Segment Start: TASK DATA

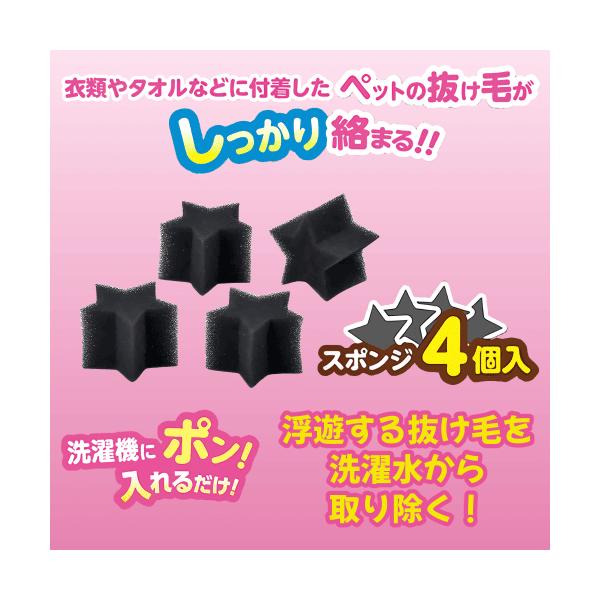 猫 抜け毛 ペット 犬 集毛 スポンジ 絡めとる 洗濯機 入れるだけ 洗濯 衣類 タオル 付着した毛 星形 しっかり集毛スポンジ 4個入り 洗濯用
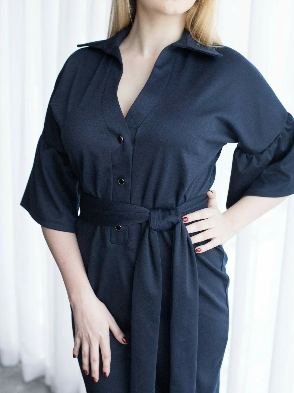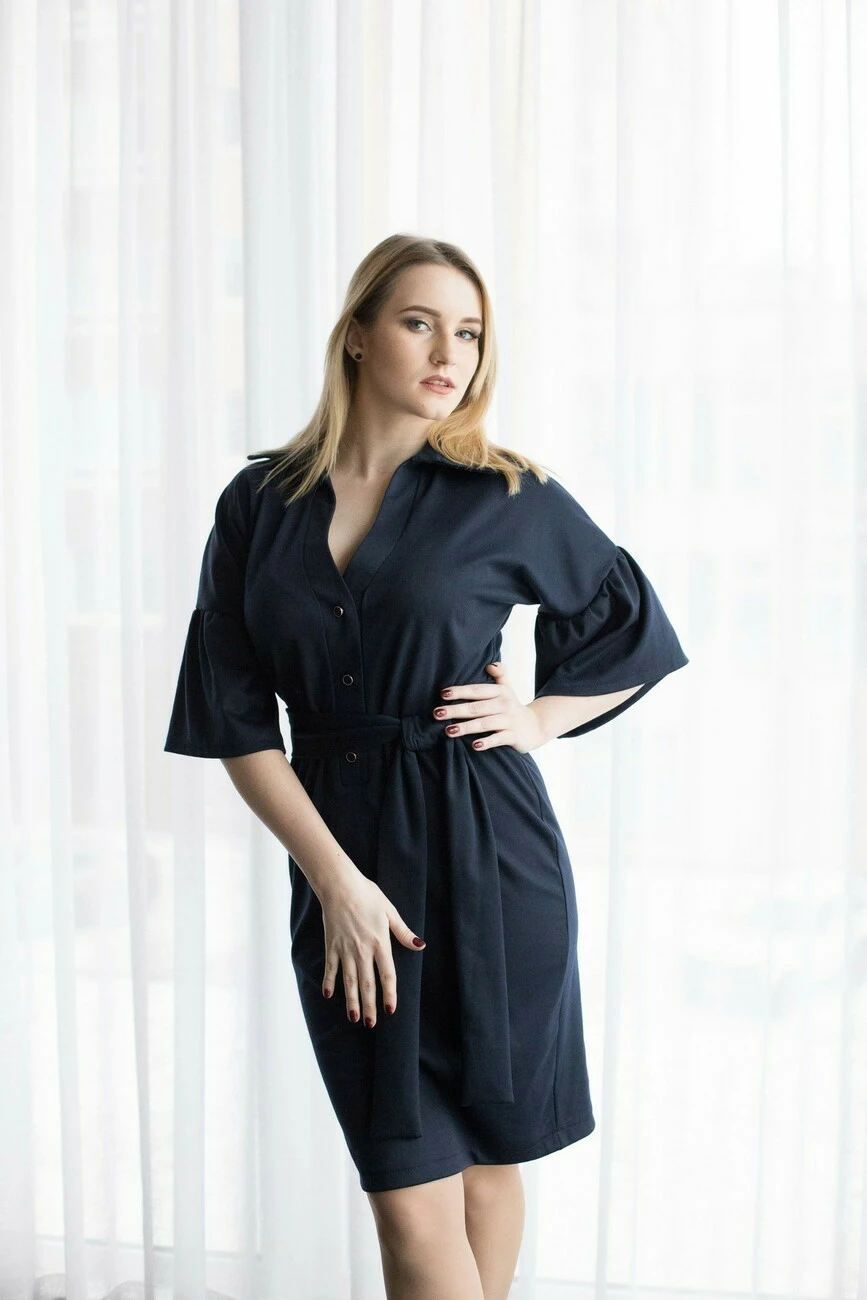 Женственное платье Теона выполнено из трикотажа Lacosta высокого качества. Платье длинной до колен, рукава расклешенной формы красивыми воланами, на пуговичках. Линию талии подчеркивает пояс, который входит в комплект.
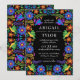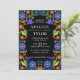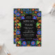 Convite de casamento Colorido Fiesta Mexicana com flores de arte popular contra um fundo preto dramático (você pode alterar a cor para atender ao seu gosto). Ótimo para casamentos com destino no México, casamentos do Cinco de Mayo ou para quem ama a cultura mexicana. Parte da nossa coleção Flores Mexicanas.
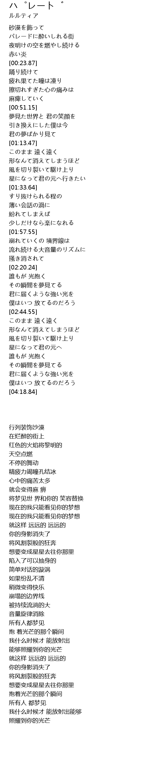 | [00:03.81] | パレードに酔いしれる街 |
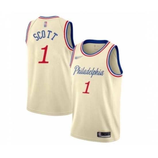 >Men's Philadelphia 76ers #1 Mike Scott Swingman Cream Basketball Jersey - 2019 20 City Edition
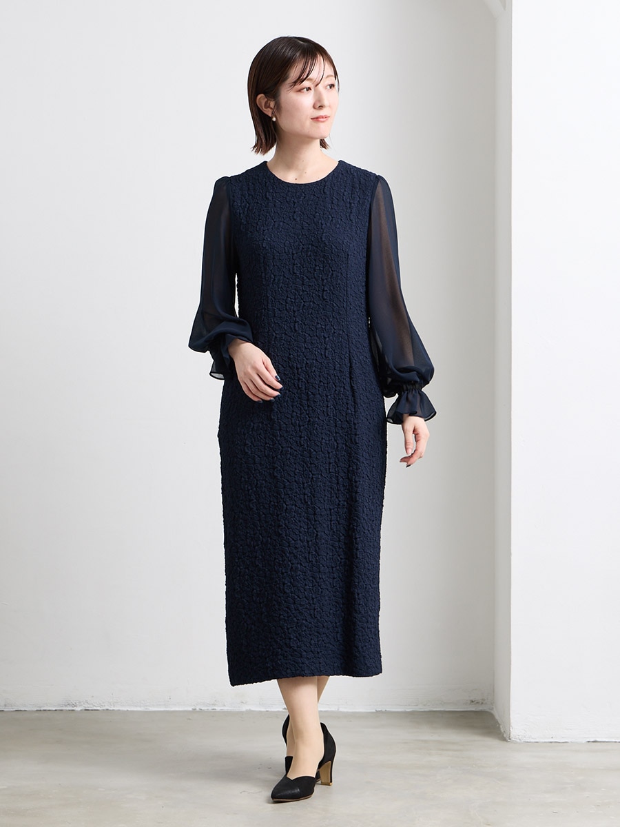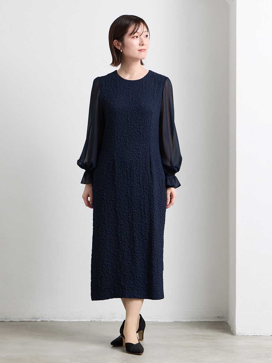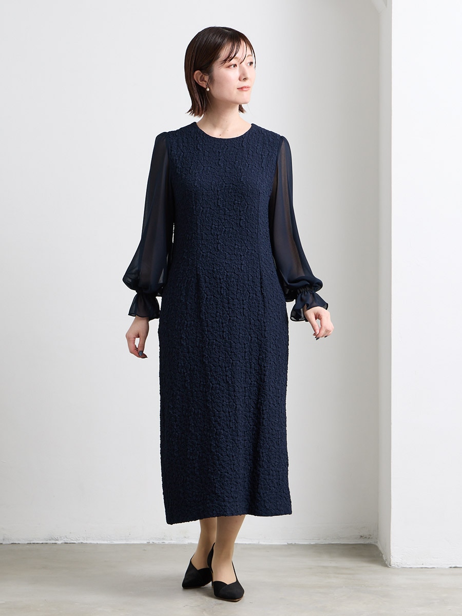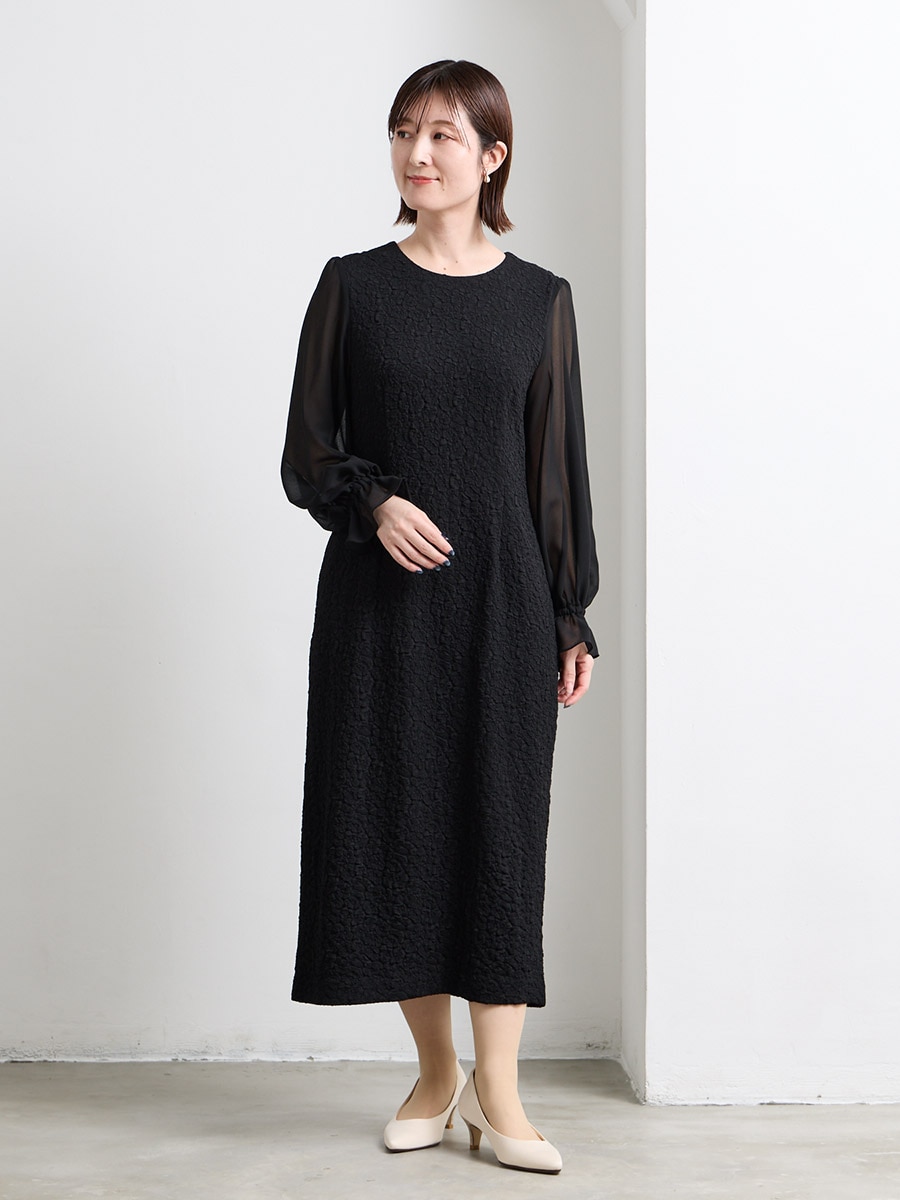表面感のあるふくれジャガードが上品シックなワンピース。
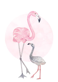 Flamingo Mother & Baby in Watercolours - Art Print, Poster, Stretched Canvas or Framed Wall Art, Showing White , Black, Natural Frame Colours, No Frame (Unframed) or Stretched Canvas, and With or Without White Borders
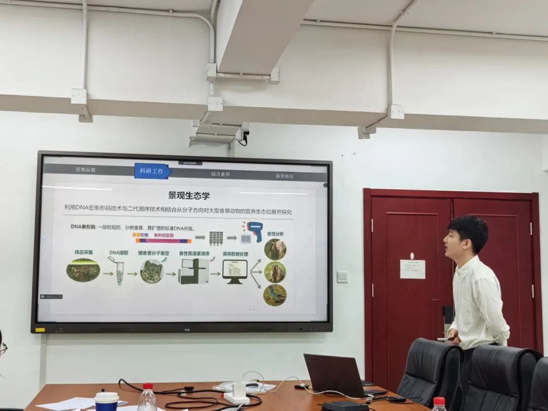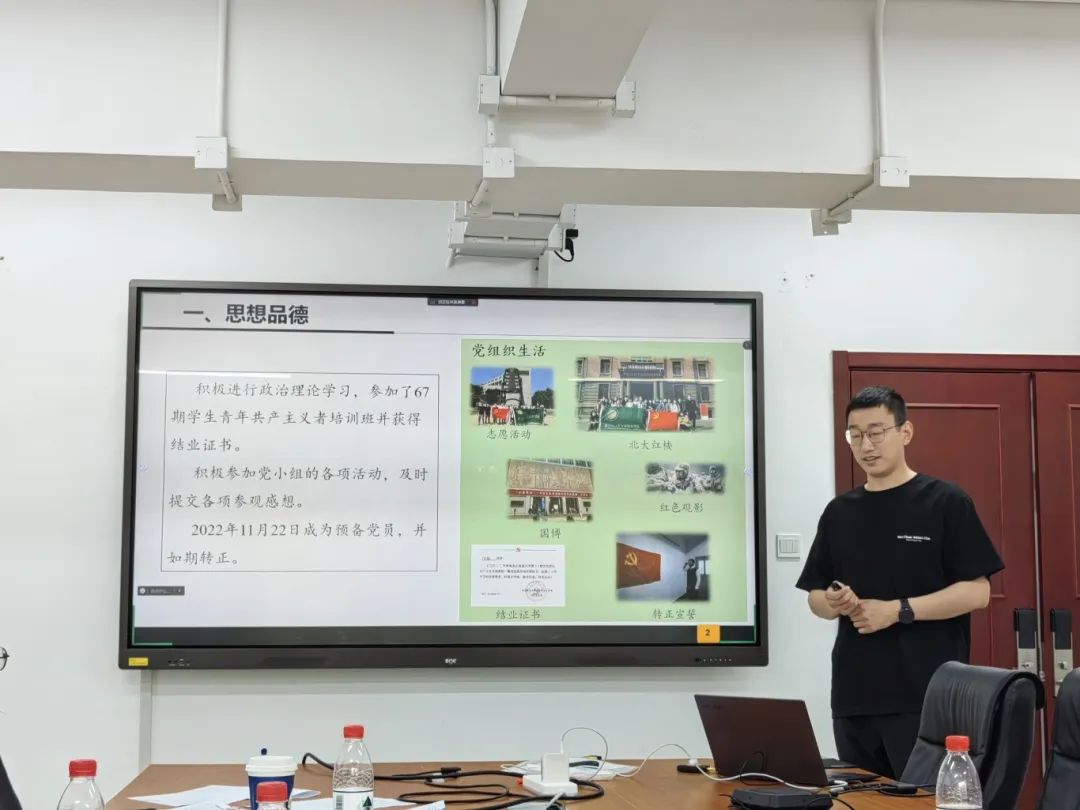 候选人根据抽签顺序分别从思想品德、科研工作、综合素养、获奖情况和突出贡献等多方面进行展示。他们用真诚的言辞和深情的回忆,展现了自己丰富多彩的大学生活和成长收获。他们在学业上刻苦努力,在科研上钻研求索,在学生工作中积极奉献,在志愿服务中勤于实践,取得了优异的成绩,展现了创新能力,增强了社会责任感。这些成长经历不仅见证了他们的进步与发展,更展现了生科学子的青春风采。评审专家们认真听取候选同学们的个人汇报,对大家取得的丰硕成果给予充分的肯定,有针对性地进行了点评与提问,并进行综合评分。本次答辩也同步进行腾讯会议线上直播,面向全院同学开放。

Segment End: TASK DATA

WHAT YOU ARE ASKED TO DO:
Would you repeat exactly, and only, the lines from the start of the records above through the line containing "Женственное платье Теона", with the pictures omitted?

ANSWER TO THE PROBLEM:
 猫 抜け毛 ペット 犬 集毛 スポンジ 絡めとる 洗濯機 入れるだけ 洗濯 衣類 タオル 付着した毛 星形 しっかり集毛スポンジ 4個入り 洗濯用
 Женственное платье Теона выполнено из трикотажа Lacosta высокого качества. Платье длинной до колен, рукава расклешенной формы красивыми воланами, на пуговичках. Линию талии подчеркивает пояс, который входит в комплект.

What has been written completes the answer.